Monthly Archives: May 2014

Maintenance Sunday 18th May @1AM

We will be performing essential maintenance work on our VPS host servers between 1AM – 2AM BST on Sunday 18th May. During this window  your VPS will be unavailable for up to 20 mins while the host server is rebooted. Before rebooting we will be sending each VPS an ACPI Shutdown signal. If you have configured your VPS to respond to this, it will start it’s shutdown procedure, and shutdown cleanly. If you would like help configuring your VPS to respond to this, please raise a support ticket and we will be happy to help.

We’d like to apologies in advance for any inconvenience caused by this essential work.

Update 2:35AM – Most of the work has now been completed. However, the work is taking longer than anticipated, and we have gone past the end of the maintenance window, which we’d like to apologise for. Therefore, some customers have yet to see their VPS become unavailable, and will do so soon. We will update here as soon as the work is fully complete.

Update 4:05AM – This work is now fully complete. We’d like to apologise for extended the window, the work took a lot longer than anticipated.  Total downtime experienced for each VPS, however, was not longer than was planned.  All VPS are now running as normal, but if you are experiencing any problems with your VPS at this point, please do raise a support ticket so we can look into it. Thanks to everyone for your patience during this essential work.

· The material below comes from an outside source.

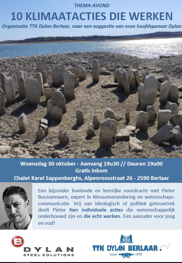 Graag nodigen we iedereen uit in het clublokaal van TTK Dylan Berlaar (Alpenroosstraat 26) op woensdag 30 oktober om 19u30 voor een boeiende thema-avond met de titel ’10 klimaatacties die werken', gebracht door klimaatexpert Pieter Boussemaere. Vrij van ideologisch of politiek getouwtrek geeft hij tien persoonlijke acties die wetenschappelijk onderbouwd zijn. Wat helpt écht en wat is eerder zinloos? Interessant voor al wie wil bijleren over dit actuele thema. Deze thema-avond wordt georganiseerd na een suggestie van onze hoofdsponsor Dylan. Lees meer

Improvements to data storage resilience

We’re pleased to announce that we’ve recently completed moving all VPS data to a new storage subsystem that mirrors all data across more than one physical server.

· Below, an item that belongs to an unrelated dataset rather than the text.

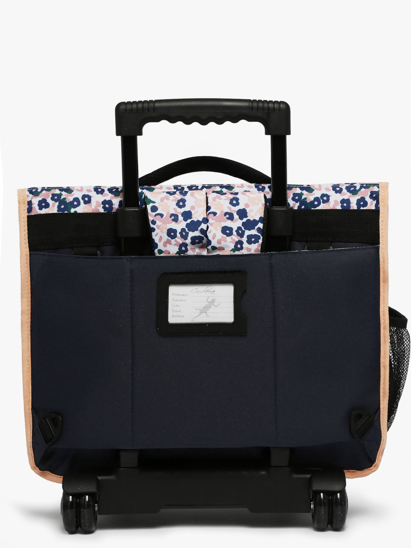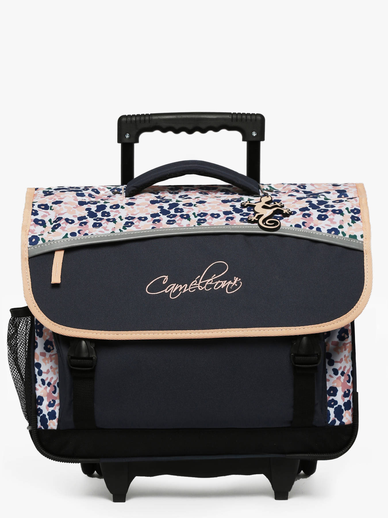 41 cm - 22 litres - 2.6 kg ~ Cartable enfant à roulettes 41 cm de la ligne Actual signé Caméléon. Ce cartable enfant convient parfaitement pour les classes de CM1 et de CM2. L'intérieur se divise en trois compartiments pouvant contenir toutes les affaires scolaires : cahiers formats 21x29,7 cm, 24x32 cm, classeurs A4 et classeurs A4 comptabilité. Il comprend une grande poche zippée intérieure et deux poches extérieures à fermeture éclair, très pratiques pour ranger les petits effets comme l’agenda ou le goûter. Un emplacement est prévu sur le côté pour y glisser une gourde. Ce cartable enfant à roulettes est fabriqué en polyester recyclé imperméable, résistant à l’eau pour un usage quotidien par tous les temps. Pour le faire rouler, il suffit de ranger les bretelles dans la poche au dos. Lorsqu’il est porté sur le dos, une protection rembourrée empêche le contact direct avec l’armature des roues, assurant un confort optimal. Le dos et les bretelles sont rembourrés, et le fond est renforcé pour une meilleure durabilité. Enfin, pour garantir une sécurité renforcée, des bandes réfléchissantes sont disposées tout autour du cartable. Petit plus : une étiquette pour le nom est présente au dos et une règle est offerte !

Prior to this, VPS data was stored on the RAID card attached to the physical server the VPS was running on. Although this provided good data safety by mirroring across multiple drives, the RAID card itself was a single point of failure.

The new storage subsystem eliminates this single points of failure.  Even if we were to suffer the complete failure of all disks attached to a physical machine and/or the complete failure of a raid card, including the situation where a raid card might inflict data corruption to all disks attached to it, this will not affect the VPS disk data on that machine. Additionally, providing that the physical server OS continues running, all VPS’ would be able to continue running without interruption in the face of such a disaster, due to the surviving network mirror on another physical machine.

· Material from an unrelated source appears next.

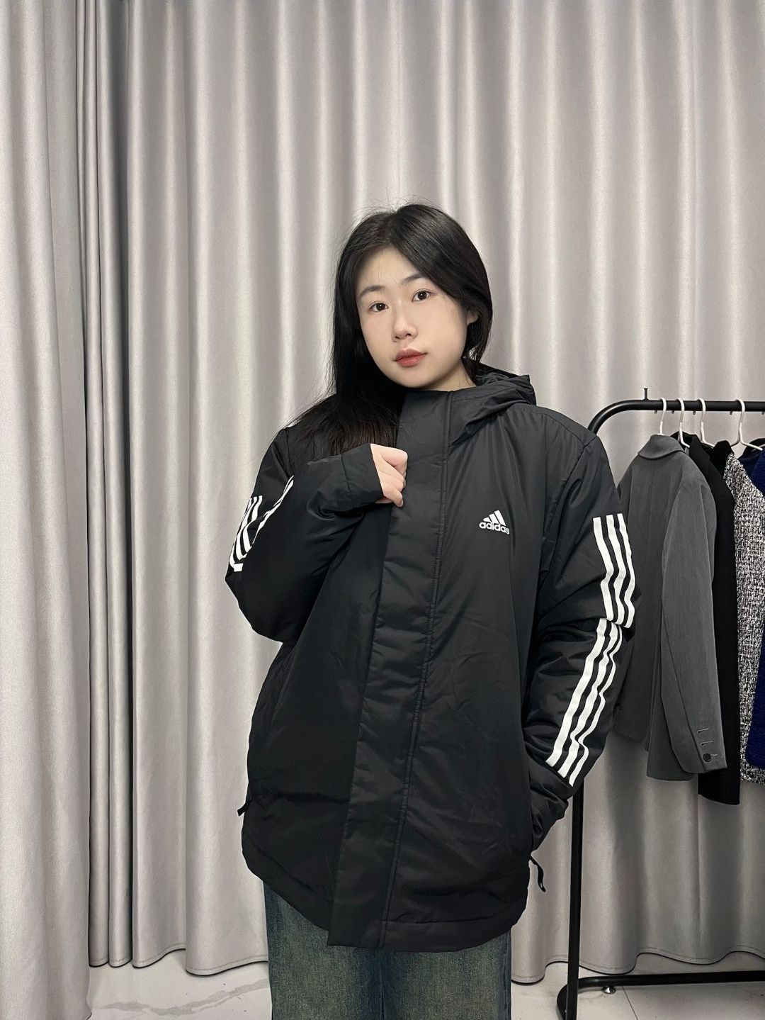 本篇笔记关联了【王安宇同款】Adidas/阿迪达斯 暖芯科技加绒加厚三道杠防风耐磨夹棉连帽棉服 黑等商品,为用户提供真实的使用体验和购买参考。

Another storage related improvement we are planning to introduce over the coming months is the ability for customers to take snapshot backups of their VPS storage data, which will be stored elsewhere on our network. This would allow customers to restore their VPS disk data to a previous “known good” point in time e.g. if their VPS OS becomes unbootable, or is compromised by malicious activity/trojan/virus. We will announce on this blog as soon as we have rolled out this feature.